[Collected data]
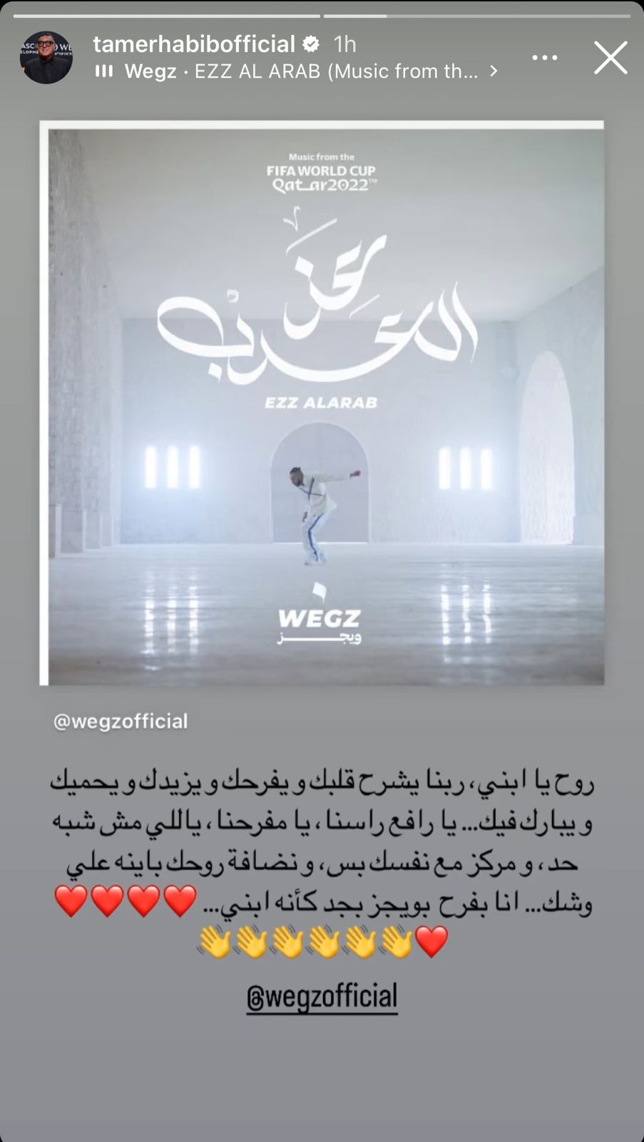 وجه الفنان تامر حبيب رسالة إلى مغني الراب ويجز، وعبر فيها عن فخره واعتزازه به، وذلك عبر حسابه بانستجرام.
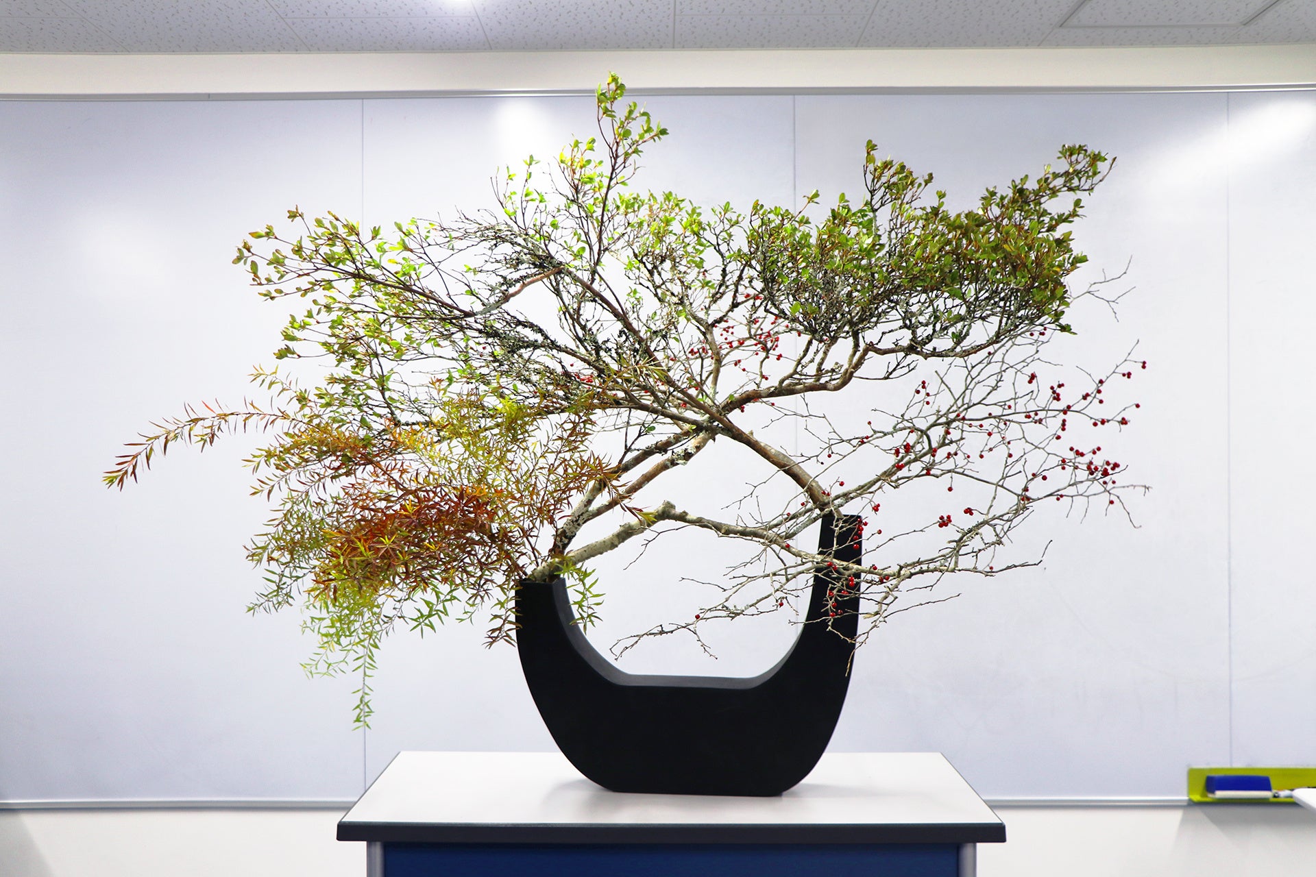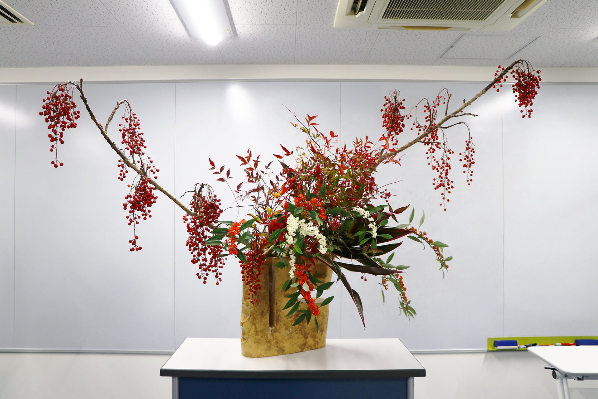 基礎を身につけた上で行ういけばなの創作は、無数の選択の積み重ねでもあります。どの枝を残し、どの位置にどの植物を入れるのか。色合いや花器の形、さらには、どの空間に、どのような人が見るのかといった視点も欠かせません。
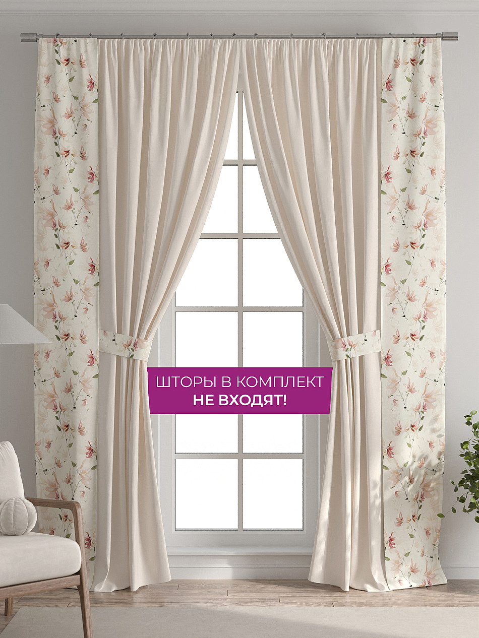 В комплект входят две узкие шторы шириной всего 38 см и длиной 260 см., которые навешиваются рядом с вашими занавесками или тюлем не утяжеляя вид окна и не препятствуя попаданию солнечного света в комнату. При этом выполняют роль подхватов и добавляют акцент в интерьер.
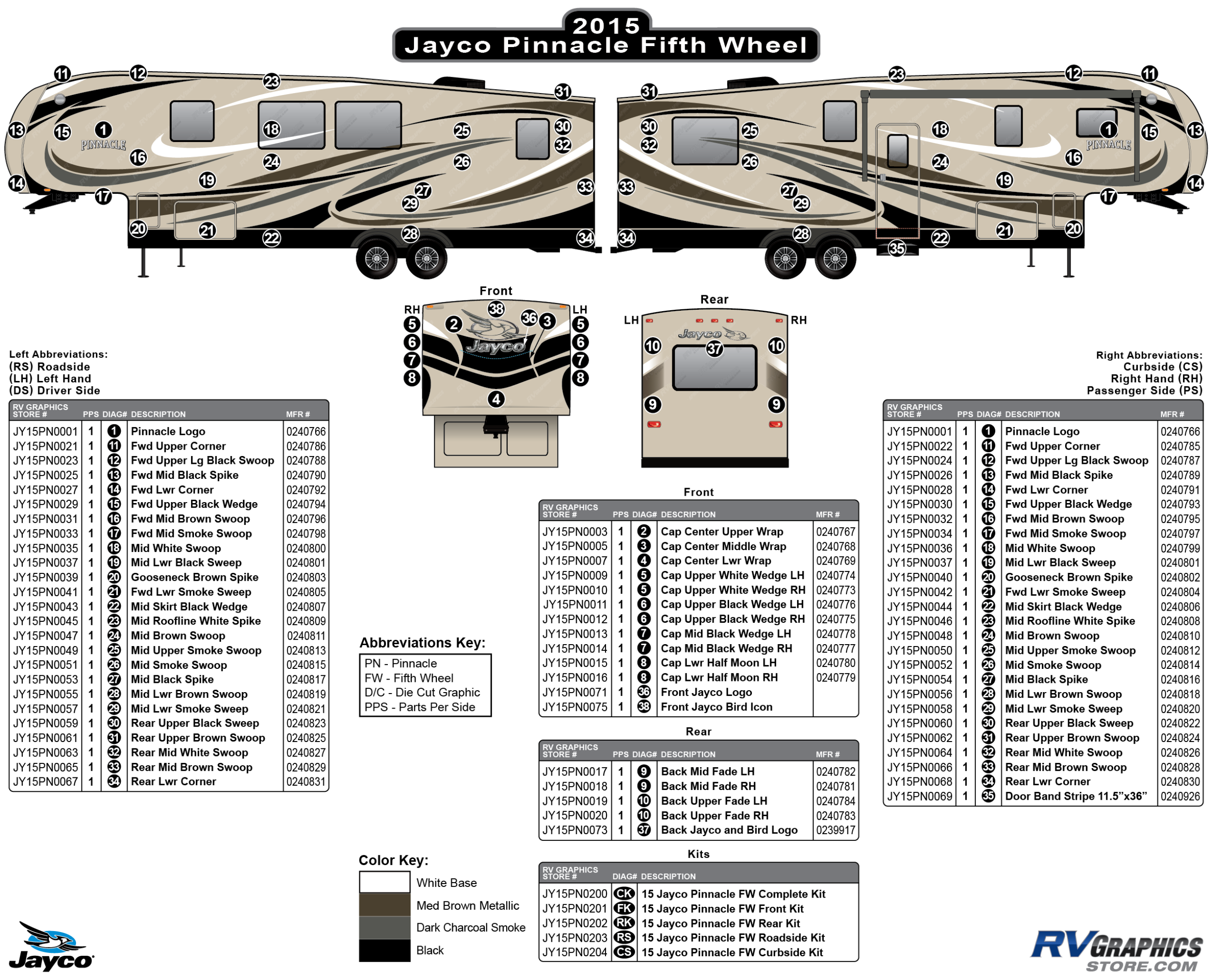 69 Piece 2015 Pinnacle Fifth Wheel Complete Graphics Kit
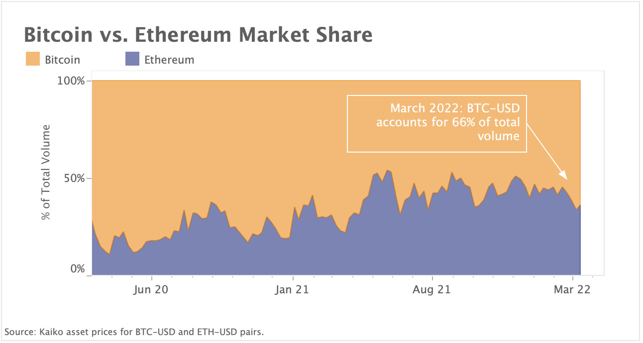 Ein beliebter Massstab für das Verständnis der Marktstruktur ist die Betrachtung der Dominanz von Bitcoin im Vergleich zu Ethereum. Die Idee ist, dass in Hausse-Märkten der Marktanteil von Ethereum relativ zu Bitcoin steigt, da Händler in Altcoins und alternative Netzwerke investieren. In unsicheren Zeiten schichten Händler ihre Mittel wieder in Bitcoin um, welcher als "sicherer Hafen" für Kryptowährungen gilt. Seit 2020 ist das Handelsvolumen für Ethereum im Vergleich zu Bitcoin inmitten des grössten Bullenmarktes in der Geschichte der Kryptowährungen stark angestiegen. Doch im letzten Monat ist Bitcoins Anteil am Gesamtvolumen auf 66% gestiegen, den höchsten Stand seit fast einem Jahr.
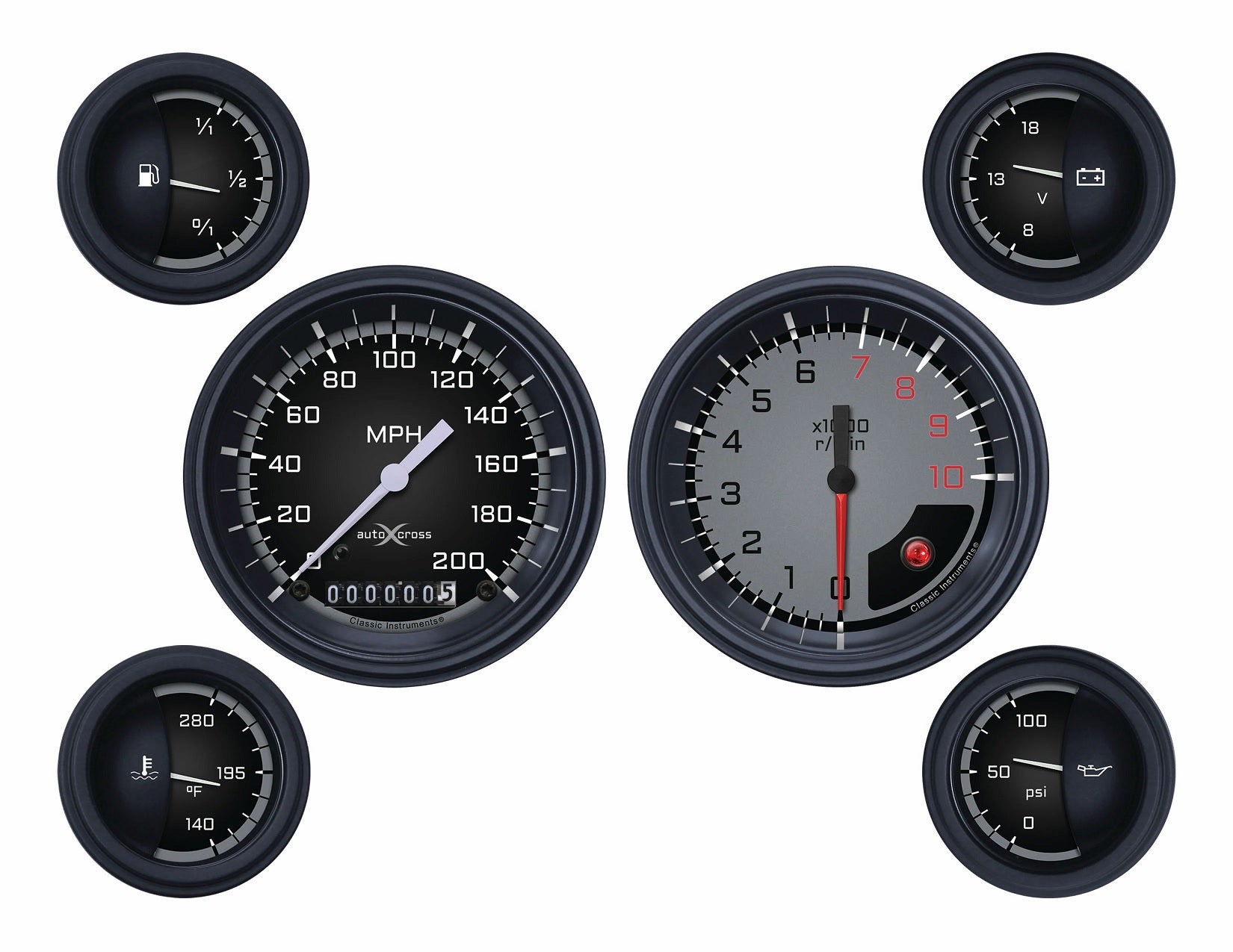 Brand New Classic Instruments Auto Cross Gray 6 Gauge Set (Part #AX01GBLF).
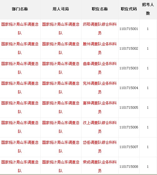 2014年國家公務(wù)員考試職位表(國統(tǒng)局山東調(diào)查總隊)
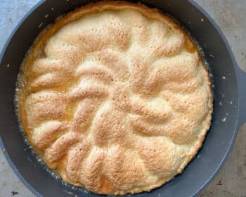 Ich empfehle euch daher eine schwere, ofenfeste Pfanne (aus Gusseisen bzw. emailliert) mit evtl. abnehmbarem Griff, die ihr vielleicht eh besitzt. Wir haben diese hier mit Innenmaß 26 cm. In der könnt ihr sowohl das Karamell machen als auch den Kuchen backen, die Hitze wird gleichmäßig verteilt, die Apfeltarte Tatin löst sich später super ohne extra Einfetten.

§ **Your assignment**
Restate word for word only the lines that run from the line holding "69 Piece 2015" to the end of the data, both ends kept, leaving every picture out.

§ **Task answer**
 69 Piece 2015 Pinnacle Fifth Wheel Complete Graphics Kit
 Ein beliebter Massstab für das Verständnis der Marktstruktur ist die Betrachtung der Dominanz von Bitcoin im Vergleich zu Ethereum. Die Idee ist, dass in Hausse-Märkten der Marktanteil von Ethereum relativ zu Bitcoin steigt, da Händler in Altcoins und alternative Netzwerke investieren. In unsicheren Zeiten schichten Händler ihre Mittel wieder in Bitcoin um, welcher als "sicherer Hafen" für Kryptowährungen gilt. Seit 2020 ist das Handelsvolumen für Ethereum im Vergleich zu Bitcoin inmitten des grössten Bullenmarktes in der Geschichte der Kryptowährungen stark angestiegen. Doch im letzten Monat ist Bitcoins Anteil am Gesamtvolumen auf 66% gestiegen, den höchsten Stand seit fast einem Jahr.
 Brand New Classic Instruments Auto Cross Gray 6 Gauge Set (Part #AX01GBLF).
 2014年國家公務(wù)員考試職位表(國統(tǒng)局山東調(diào)查總隊)
 Ich empfehle euch daher eine schwere, ofenfeste Pfanne (aus Gusseisen bzw. emailliert) mit evtl. abnehmbarem Griff, die ihr vielleicht eh besitzt. Wir haben diese hier mit Innenmaß 26 cm. In der könnt ihr sowohl das Karamell machen als auch den Kuchen backen, die Hitze wird gleichmäßig verteilt, die Apfeltarte Tatin löst sich später super ohne extra Einfetten.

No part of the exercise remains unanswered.